Permítanme la vanidad pero creo conocer bastante bien la figura de Baltasar Garzón. Dos libros sobre su vida y obra, más el seguimiento puntual de sus andanzas judiciales, me permiten tener la información suficiente para hablar desde el conocimiento y no desde el sectarismo, tan extendido entre la izquierda extraviada que nos habita.
Nadie con dos picogramos de frente pondría en duda las tardes gloriosas que el Juez Estrella brindó en faenas memorables donde los toros, de cornamenta indescriptible, parecían imposible de someter: su lucha contra ETA y contra su aparato logístico y económico; su lucha contra el narcotráfico, averiándoles, una y otra vez, la lavadora que utilizaban para blanquear su mierda; su determinación, aunque también le movieran vendetas políticas, para mandar al talego a “casi” todos los responsables del terrorismo de Estado que tanto me avergonzó; su insistencia en impedir que dictadores asesinos durmieran a pierna suelta... Nadie, con sentido común, lo pondría en duda.

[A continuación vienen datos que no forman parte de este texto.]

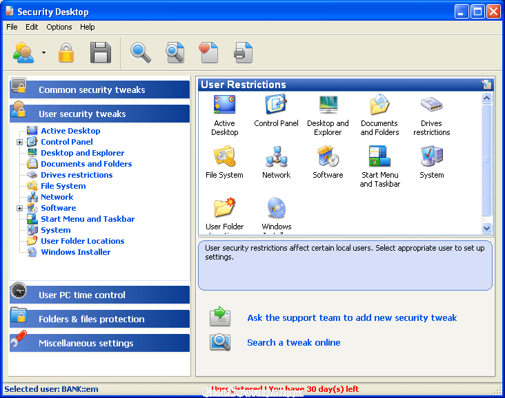 Security Desktop is a security utility that allows you to restrict access to Windows important resources. This utility limits kids time they spend in internet and playing games. It has got a number of options to customize the viewing and usage of a users Windows settings. Including hiding the desktop and start menu items, restrictions on the Active Desktop and much more. Also it provides folders and files protection. Security restrictions can be applied universally or just to specific users because Security Desktop Tool has got the multiuser intuitional interface.
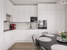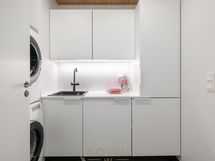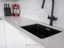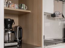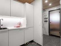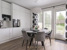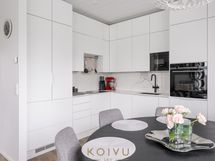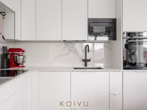 - Varusteet: pakastin, jääviileäkaappi, integroidut kodinkoneet, integroitu astianpesukone. Työtaso: kivitaso. Liesi: liesituuletin, erillisuuni, induktioliesi, mikroaaltouuni. Avonainen keittö. Laadukas ja korkeatasoinen varustus ja kiintokalusteet. Kestävä Dekton kivitaso, myös kalustevälissä. Aamiaiskaappi taiteovella. Siemensin integroidut kodinkoneet. Mattamusta alhaalta kiinnitetty allas ja matta musta allashana, jossa ulosvedettävä juoksuputki pesuja helpottamaan. Laatikostot tuo helppoutta säilytykseen ja käyttöön. Kaapiston kattoon asti, joten säilytystilaa on paljon.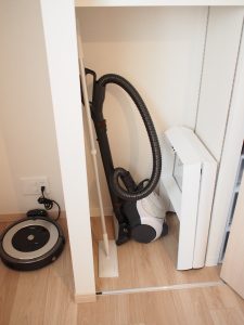 今のマンションを買ったとき、掃除機を収納できるスペースをクローゼットの中に確保できるよう設計変更をしました。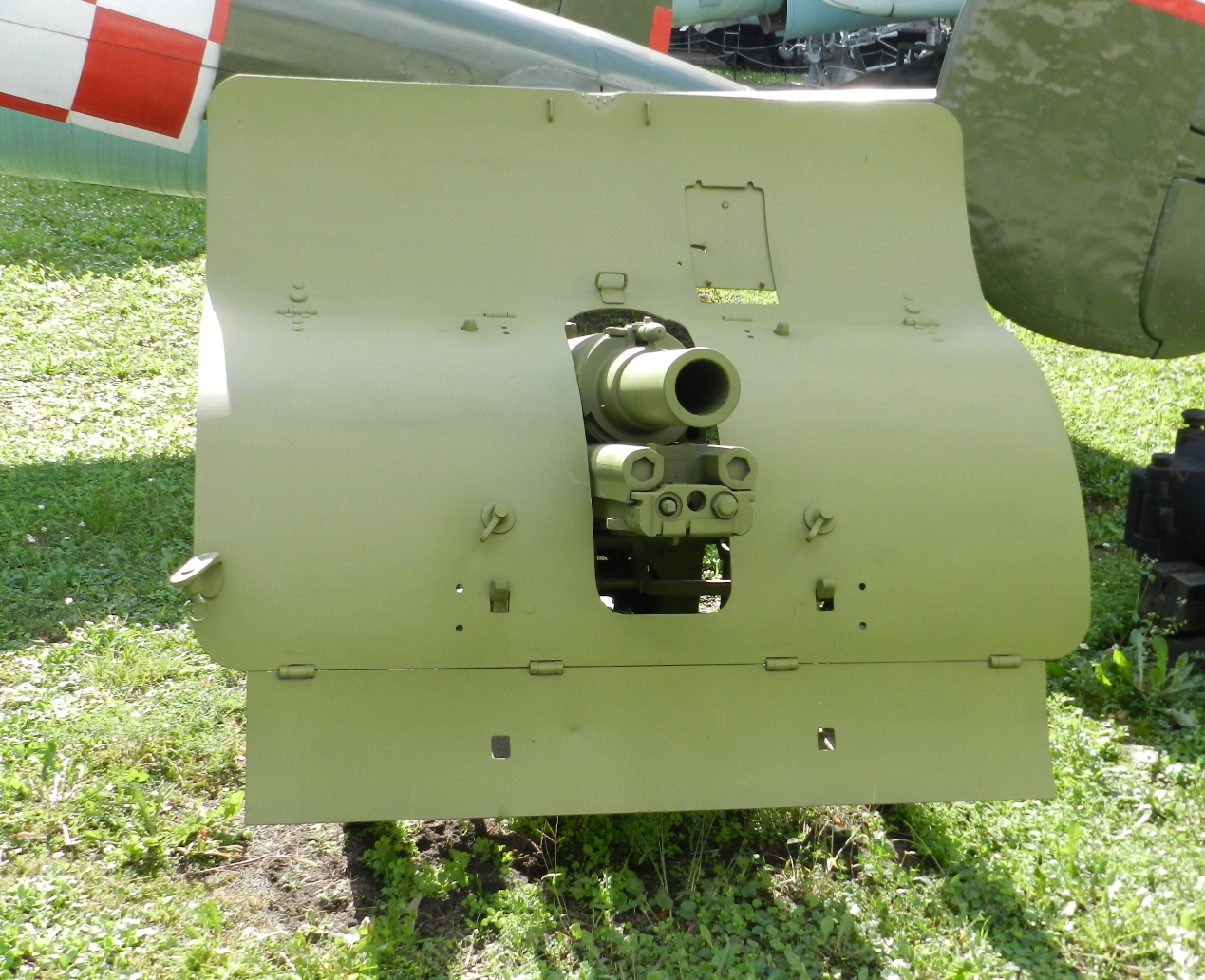 In addition to the dismantlable barrel, the guns were equipped with a hydro-pneumatic recoil recuperation system, a large curved typical shield, and a mechanism allowing to pre-position the tube cradle on two different heights to the carriage so that the breech was not hitting the ground with the higher elevation angles.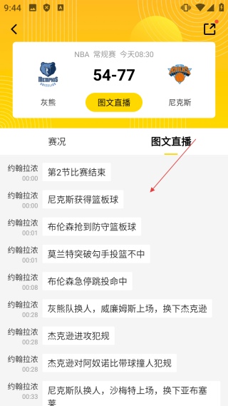 4、在图文直播界面,即可【查看赛事的实时直播信息】,完成赛事直播查看操作。

Pero tampoco nadie, con memoria y con decencia, puede omitir que también hubo tardes en las que los almohadillazos caían desde el tendido al ver como otros toros, por no poner la muleta en su sitio, se iban hacia los corrales vivitos y coleando al sonar el tercer aviso.
Pero vayamos, como diría el dueño de Clearasil, al grano. El santo sacramento del Derecho de Defensa, que garantiza la justicia hasta para el más abyecto de los criminales, no se lo puede saltar, salvo en casos de terrorismo, ni Garzón, ni Fungairiño, ni Sergey Bubka. Como finalizaba la editorial de El País del 17 de octubre de 1995 sobre el requerimiento de Garzón para que se le entregaran los llamados papeles del CESID, sometidos a secreto oficial, sobre la bozofia de los GAL, “ningún fin, ni siquiera el de conocer toda la verdad sobre los GAL, justifica pasar por encima de los procedimientos. El principio de que no todo vale rige tanto en la lucha contra el terrorismo como en la investigación de los delitos cometidos a su amparo”. Amén, aunque huela a podrido, amén.
Si a este flagrante caso de prevaricación, sentenciado unánimemente por el TS después de que el Juez Mediático recusara a buen puñado de jueces, le unen ustedes la cantidad de cadáveres que Garzón dejó por el camino y que como The Walking Dead persiguen la sombra del magistrado allá por donde fuere, entre ellos Felipe González y sus acólitos de entonces, se dan todos los elementos para que la tormenta perfecta cayera, sin remisión, sobre el juez que ya no lo será. Y crean que me duele. Como otra puñalada. Y van mil.